The Squadron’s Honda quad bikes could really shift, and one of the team had his machine airborne for several seconds as they powered out of there. But the Iraqis were no slouches. They chased the British vehicles with fierce tracer fire, hosing down the escape routes with long blasts from their heavy weapons. Others mounted up their vehicles and prepared to follow. They were using Toyota-type 4WDs – powerful, fast and highly manoeuvrable – and each was equipped with a mounted machine-gun.
As fast as the quad bikes were, right now they had a hunter force coming after them that was only marginally slower and by which they were heavily outgunned. The four M Squadron operators were armed only with their personal weapons – Diemaco Colt 7.62mm assault rifles, plus their pistols. They had no firepower to engage the Iraqis, let alone the range.
Timms led his team towards the open desert, where he planned to call in a Chinook to lift them out, but the Iraqis seemed well aware of the British soldier’s intentions.

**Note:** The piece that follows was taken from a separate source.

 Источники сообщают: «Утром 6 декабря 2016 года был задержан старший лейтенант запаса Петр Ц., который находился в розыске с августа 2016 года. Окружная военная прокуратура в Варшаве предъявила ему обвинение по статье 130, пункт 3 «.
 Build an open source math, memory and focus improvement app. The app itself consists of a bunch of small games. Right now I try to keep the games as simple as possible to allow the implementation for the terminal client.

Each of M Squadron’s Land Rovers was kitted out with a fixed radio antenna, one that resembled a horizontal crucifix and via which it was possible to call in a rescue force while on the move. But
not the quads. The quad-borne force carried a satcom – an encrypted radio satellite communications system, one that the enemy would be hard-pressed to intercept. But the satcom worked on ‘spider antennae’, a Christmas-tree-like latticework that took time to erect and yet more time to find enough satellites to be serviceable. And each time the four-man force stopped to erect the kit and make a satcom call, the enemy were quickly onto them.

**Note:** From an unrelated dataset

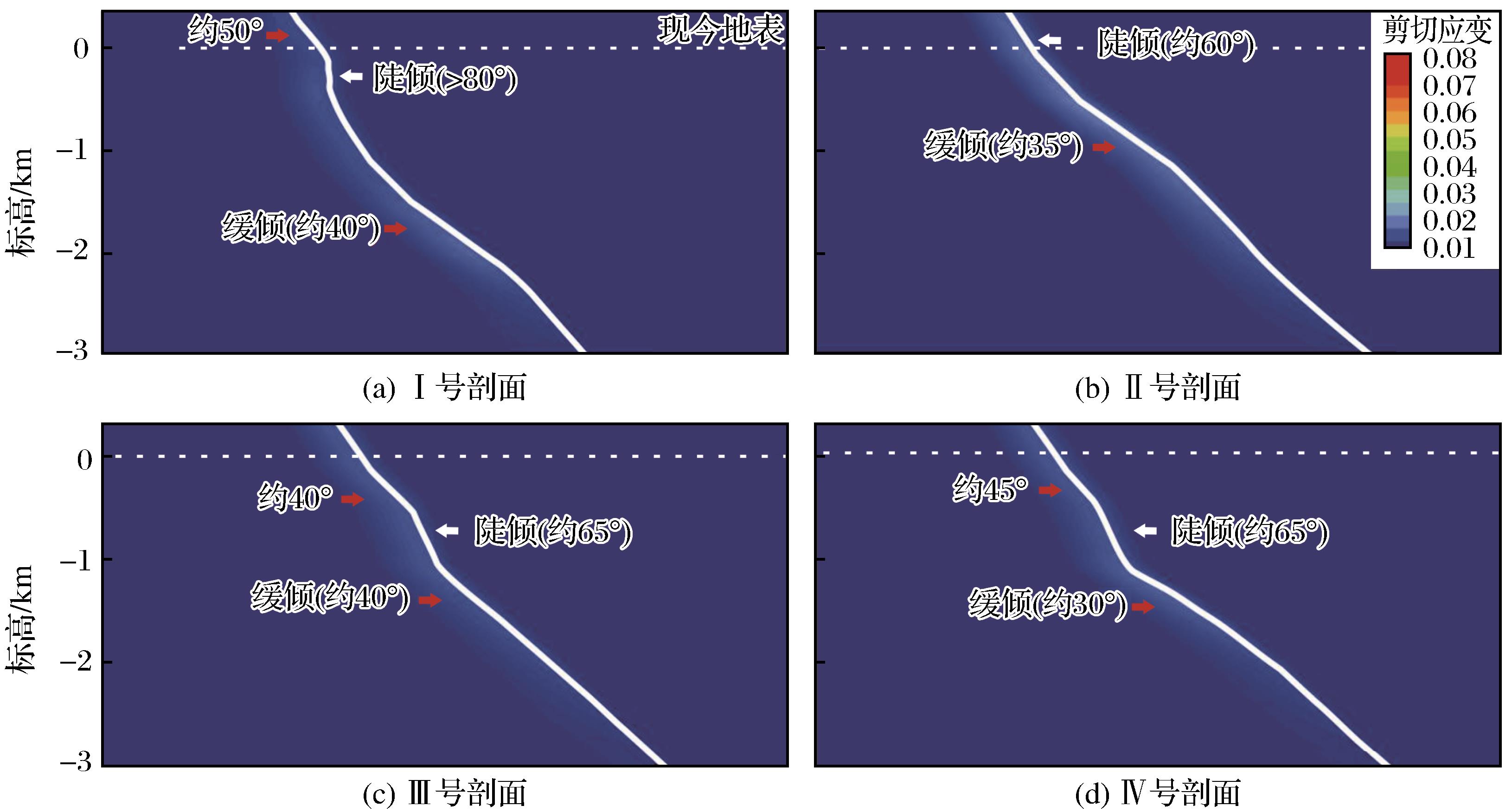 | 图7 体积压缩量为0.1%时不同典型剖面剪切应变图 |

No sooner had they gone static and called through a set of coordinates for a hot extraction – a helo pick-up under threat of enemy attack – than the first bursts of enemy fire would come slamming into their position. Repeatedly, the four men were forced to mount up their quads and bug out, to try to get some distance between themselves and their pursuers, before repeating the process all over again.
They did this several times as they were hunted across the desert, and each time the hot-extraction point had to be abandoned. By the approach of first light the blokes were running low on fuel and ammo, not to mention options. By now they were pretty much surrounded by the Iraqi hunter force, and about to lose the cover of darkness. There was one upside. In the last few minutes they’d managed to get an American F15 warplane – call-sign Irish – flying top cover for them.
But the battle space below was so confusing, with vehicles charging about in all directions, that the F15 pilot refused to carry out any air strikes, for fear of hitting the quad-bike team. The one thing he could do in all safety was to get a laser onto the British force, so that the rescue Chinook could lock onto the hot point of the laser beam – the spot where it bounced back from the ground – and home in on that for the pick-up.
As the helo headed in with its tail ramp already lowered, it was audible from many miles out and the dust thrown up by its flight left a telltale trail. It powered across the desert towards the quad team’s position, but so too did the Iraqi hunter force. They were drawn in by the Chinook’s flight path, and were closing fast. Just as the giant helo put down, the enemy guns opened up, the Iraqis firing from their Toyotas as they wove at breakneck speed through the desert sands.